Turning right at one particular junction, a peripheral movement caught Astelan’s eye and he glanced to his left. In the shadows he saw a diminutive being, no higher than his waist, almost hidden in the darkness. It was little more than a small robe, but from the depths of the black hood two eyes glittered with a cold, blue light as the strange creature regarded Astelan. As suddenly as he had spotted it, the watcher in the dark faded back into the shadows and was gone.

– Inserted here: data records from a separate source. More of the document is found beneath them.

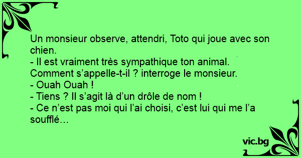 - Il est vraiment très sympathique ton animal. Comment s’appelle-t-il ? interroge le monsieur.
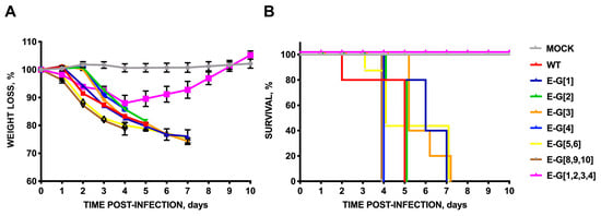 Virulence of SARS-CoV mutants with glycine substitutions in the carboxy-terminal residues of the E protein that may participate in the interaction of this protein with Syntenin-1 according to the structure proposed by the in silico model. Groups of five 16-week-old Balb/c mice were intranasally inoculated with DMEM (Mock, gray), or with 100,000 pfu/mouse of the parental SARS-CoV virus (WT), or with the glycine replacement mutants generated: E-G[1] (dark blue), E-G[2] (green), E-G[3] (orange), E-G[4] (blue), E-G[5,6] (yellow), E-G[8,9,10] (brown), E-G[1,2,3,4] (pink). Weight loss (A) and survival (B) were monitored for 10 dpi. Vertical bars represent the standard error of the mean weight of the mice.
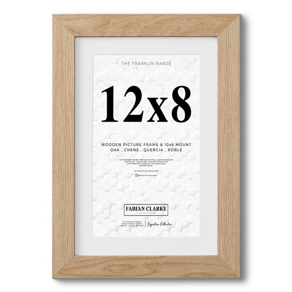 Fabian Clarke London® 12x8 Modern Oak Wooden Picture Photo Frame with White 10x6 Mount to Hang Portrait or Landscape
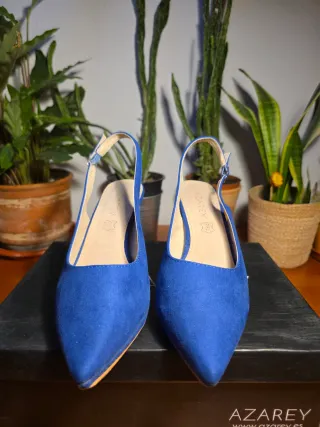 Elegantes zapatos de tacón Azarey en un vibrante color azul. Perfectos para añadir un toque de estilo a cualquier atuendo. - Material exterior tipo ante. - Diseño slingback con tira al talón. - Tacón de altura media. - Punta fina.
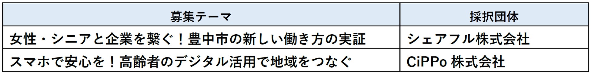 今年は、「女性・シニアと企業を繋ぐ!豊中市の新しい働き方の実証」と「スマホで安心を!高齢者のデジタル活用で地域をつなぐ」という2つのテーマで事業者を募集したところ、28件の応募があり、選考の結果、下記の2団体を採択しました。今後、市をフィールドに実証実験を行い、新たなソリューションや仕組みの確立をめざします。成果については今年度内にとりまとめ、公表する予定です。
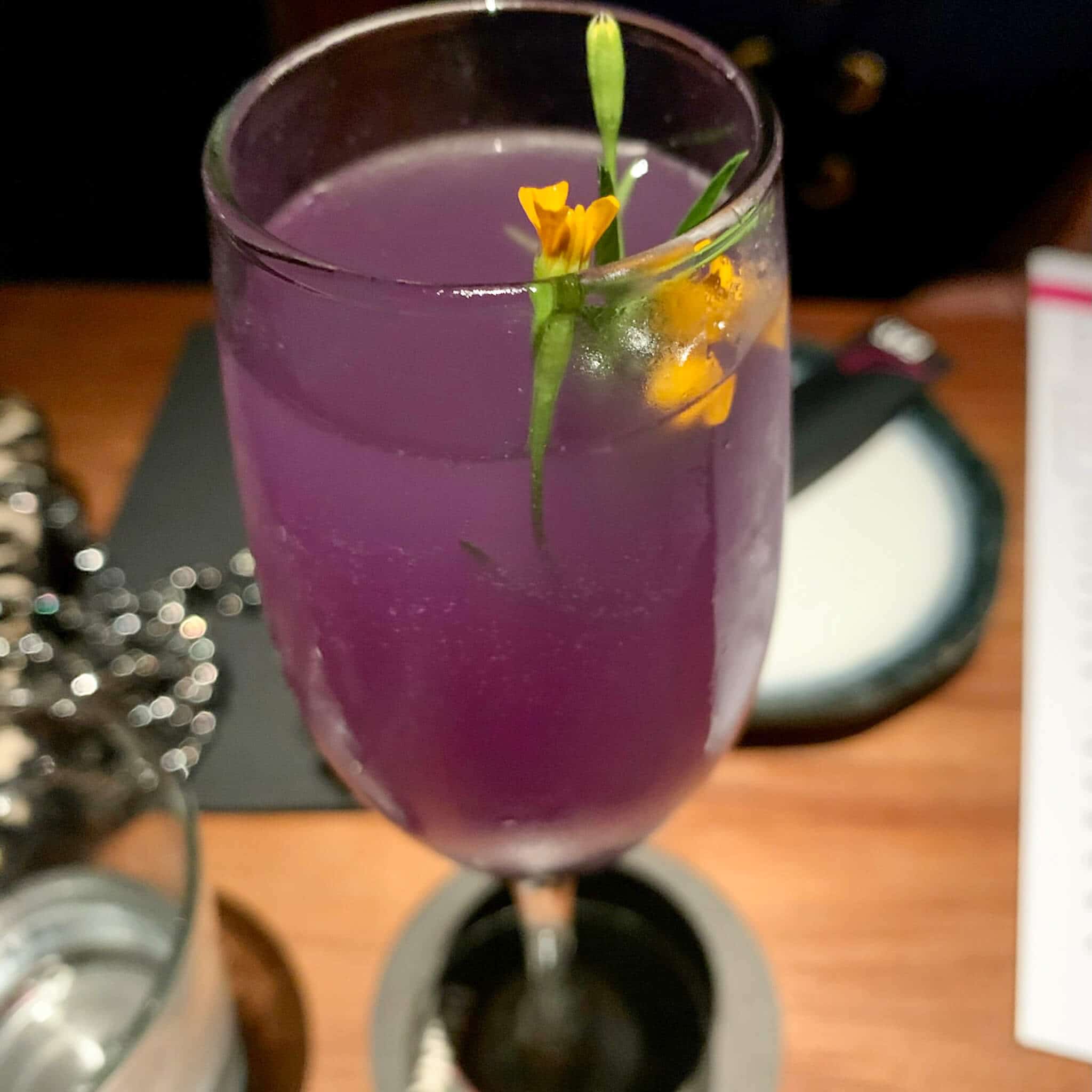 Rachel picked a “seatbelt and sake”, a purple concoction with a beautiful little flower. My choice was a “Lady Hinata”, described as a complex floral non-alcoholic gin drink; it was a good choice, as it turned out it was the only drink we had on the night besides our sparkling water.
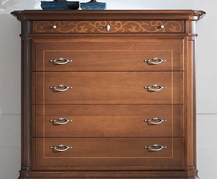 Высокий комод для одежды Margot позволяет обставить спальную комнату с роскошью и комфортом. Строгий классический дизайн дополнен изящным природным орнаментом и стильной металлической фурнитурой. Модель чрезвычайно вместительна, так как располагает четырьмя просторными ящиками. Вверху под столешницей имеется неглубокая выдвижная секция, идеально подходящая для хранения аксессуаров и нужных в быту мелких вещиц.

His confusion growing as they continued to march into the bowels of the sepulchre, it took Astelan a moment to realise that they had stopped. The other Dark Angels turned and filed out by the way they had entered, leaving him and Boreas in a circular chamber roughly two dozen metres across, its circumference lined with windowless iron doors. All of the doors were closed except one, and Boreas directed Astelan towards it with a pointing finger.
Astelan hesitated for a moment and then strode forwards into the room beyond. He stopped suddenly as soon as he entered, stunned by what he found inside.
The room was not large, barely five metres square, lit by a brazier in the far corner. A stone slab dominated the centre of the room, pierced by iron rings from which hung heavy chains, and to one side a row of shelves was stacked with various metal implements that menacingly caught the light of the glowing coals. There were two more robed Space Marines awaiting them, their faces hidden by heavy hoods, their hands concealed beneath studded metal gauntlets. As one took a step forward, Astelan caught a glimpse of bony white under his hood.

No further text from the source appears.